Gei'ut was not the first effort in Israeli politics to try to turn gays and lesbians into a political bloc, although it represents the first gay effort at doing so. But these early efforts were premature, coming before a visible gay community had taken root. In August 1991 the Labor Party's Young Guard published an advertisement in the gay magazine Maga'im asking, "What have you done for yourself today? And what are you doing for the community?"
The advertisement, the first of its kind in Israeli politics, created a minor storm at the time. Within the Labor Party itself opinions were split. MK Chaim Bar-Lev called the advertisement "tasteless" and added that he wouldn't run an electoral appeal in a newspaper for nudists either. But both MK Shlomo Hillel and MK Michael Bar-Zohar failed to see what all the fuss was about, although they, too, in an era in which narrow appeals to an ethnic or other social group were suspect, questioned the need for advertising directed at the gay community.
Activists laid the groundwork for Gei'ut after the last national election in 1996, following Professor Uzi Even's campaign as an openly gay man in the Meretz primaries (he failed to place high enough for a realistic chance at a Knesset seat). What is murky is whether clear alignment with one political party, particularly one that raises the hackles of the Israeli right like Meretz does, ultimately benefits gay interests.
The Meretz leadership has been supportive of this intraparty gay organizing. MK Yossi Sarid, one of the leading figures of the Israeli left, told me in an interview that the establishment of Gei'ut is a positive development, because "we respect [the gay community] and want to help it—culturally, politically, and civilly." In Gei'ut's first newsletter Sarid wrote that "the public activism of the community itself is critical today more than ever. At any time and at every opportunity, it's appropriate to rouse public opinion in support of the repair of Israeli society and its attitude toward those who are different within it." The party provides Gei'ut with support, with MK Sarid admitting that the support may be "more than the numbers might warrant."
Gays and lesbians have had to fight the perception of some elites that there is no need for gays and lesbians to have one (or more) of their own in public office. What clearly irked MK Dayan during my interview with her is the possibility of having an openly gay or lesbian Knesset member, a development that is most likely to occur because of Gei'ut's work within Meretz. When I raised the issue of openly gay representation in the Knesset, Dayan was dismissive: "The meaning of a gay Knesset member is useless." She pointedly added that "a gay Knesset member would end up doing less for the community" than she had been able to accomplish. Moreover, she contended that sexual orientation is not a sufficiently unifying basis to qualify for Knesset representation, stating that "gays are quite varied [politically]." MK Sarid, in contrast, told me that he welcomed a gay representative in the Knesset.

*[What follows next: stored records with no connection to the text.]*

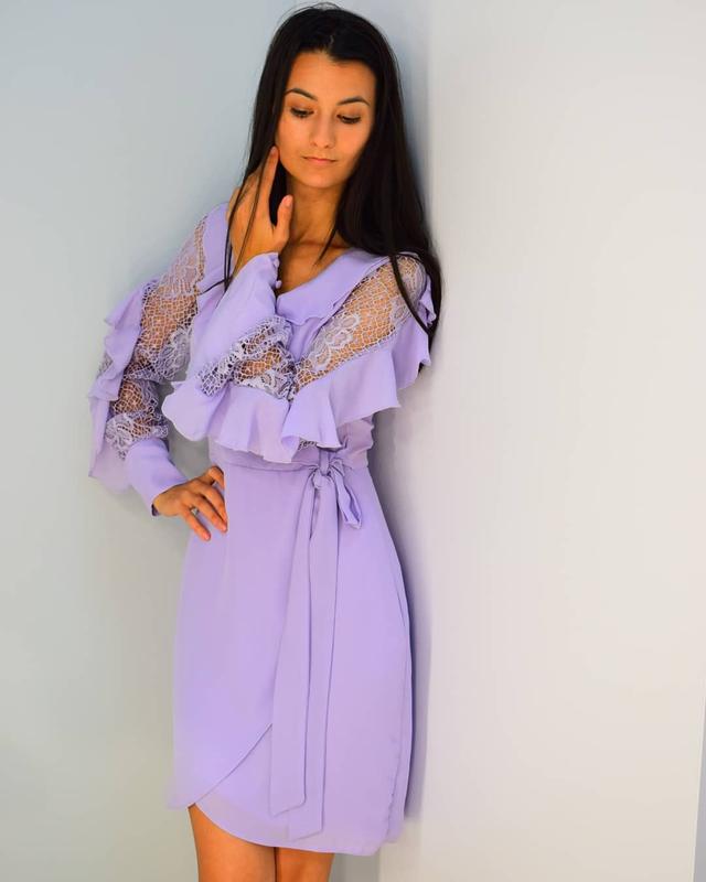 Шифоновое платье мини на запах, имеет V-образный вырез и длинный рукав, декорированное воланами и сетевыми вставками.
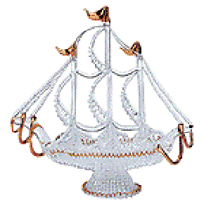 Sailing it's way gracefully into your home or office, this spun-glass schooner is the perfect memento for a boat enthusiast. It features gold trim on the flags, ship, and base.
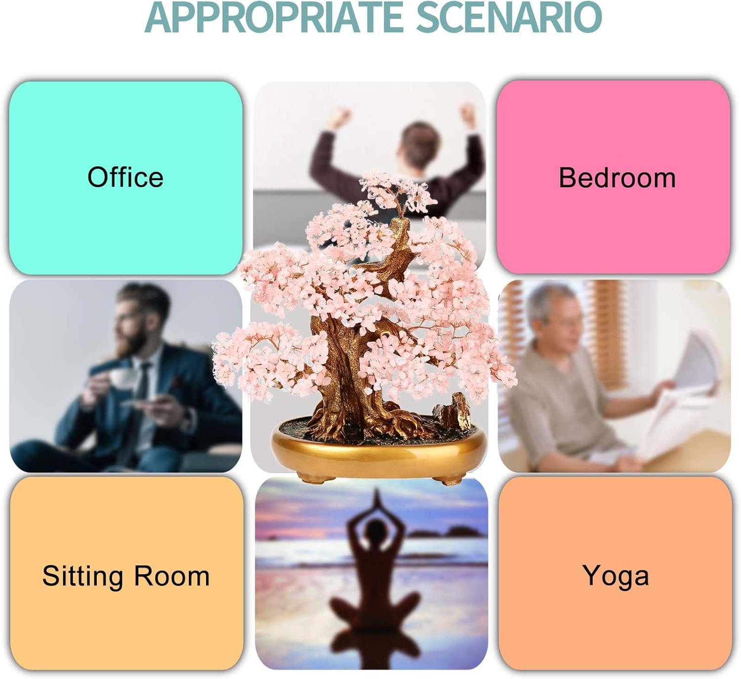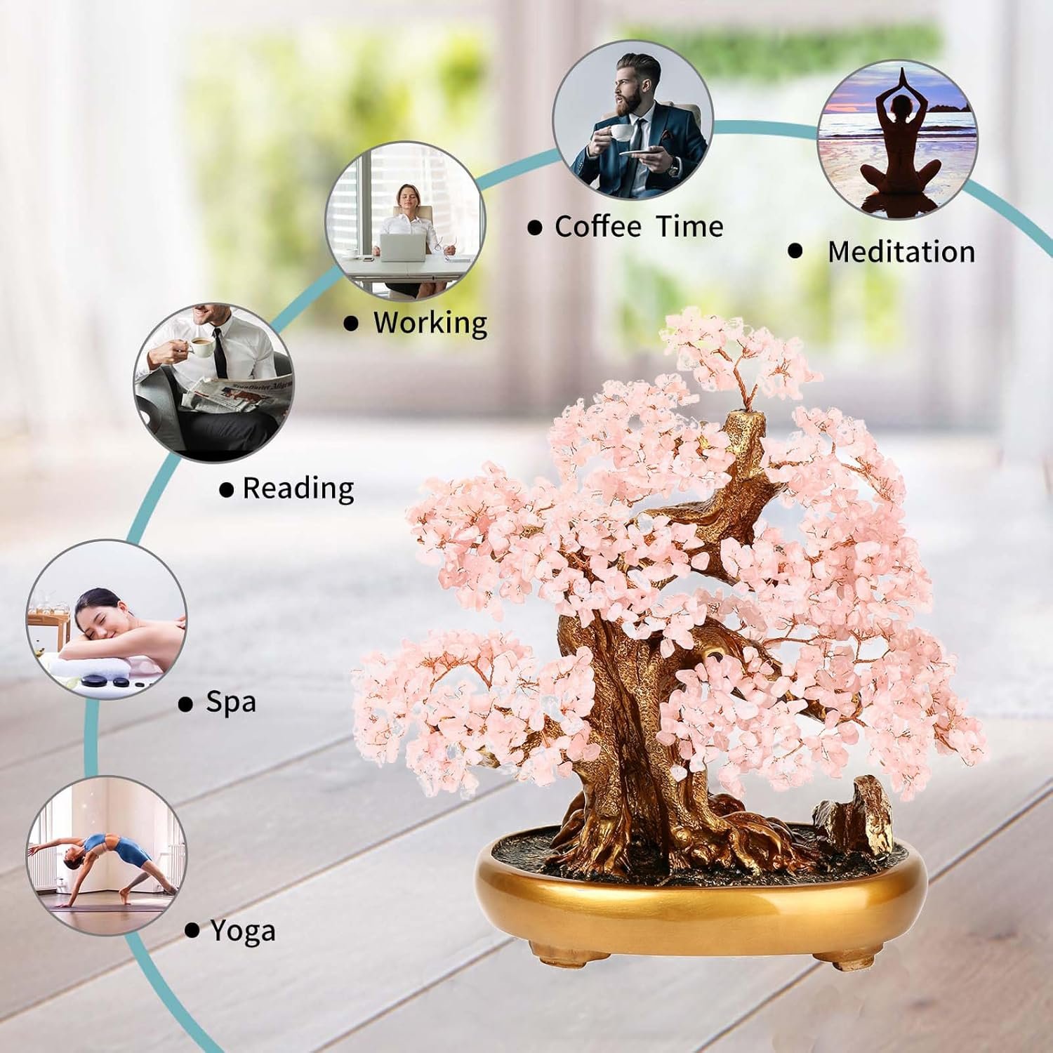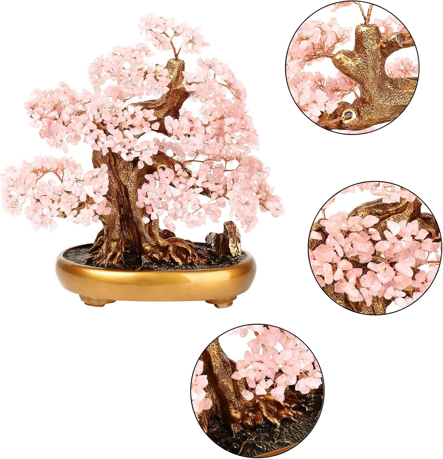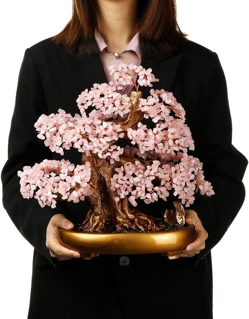 Natural Tree of Life (1,251 Gemstone Count) Crystal Tree with Healing Properties – Bonsai Feng Shui Money Tree for Healing and Luck (Rose Quartz)

Dayan's views are not unique. In December 1995, when Professor Even announced that he was running in the Meretz primaries, Israeli historian and journalist Tom Segev wrote an opinion piece about Even's candidacy titled "One-Issue Politics" in Ha'aretz. Segev stated that "a Knesset member who represents only accountants who come from Bukovina is a wasted Knesset member, just as is a Knesset member who represents only himself. Sexual preference similarly does not justify in and of itself representation in the Knesset." While most lesbian and gay activists disagree with Segev's analysis as patronizing, it was unclear until very recently whether there was a sufficient mass of lesbian and gay voters who could be persuaded to vote primarily on the basis of a candidate's sexual orientation. This task is that much harder when the political system has been responsive to many of the demands of the lesbian and gay community.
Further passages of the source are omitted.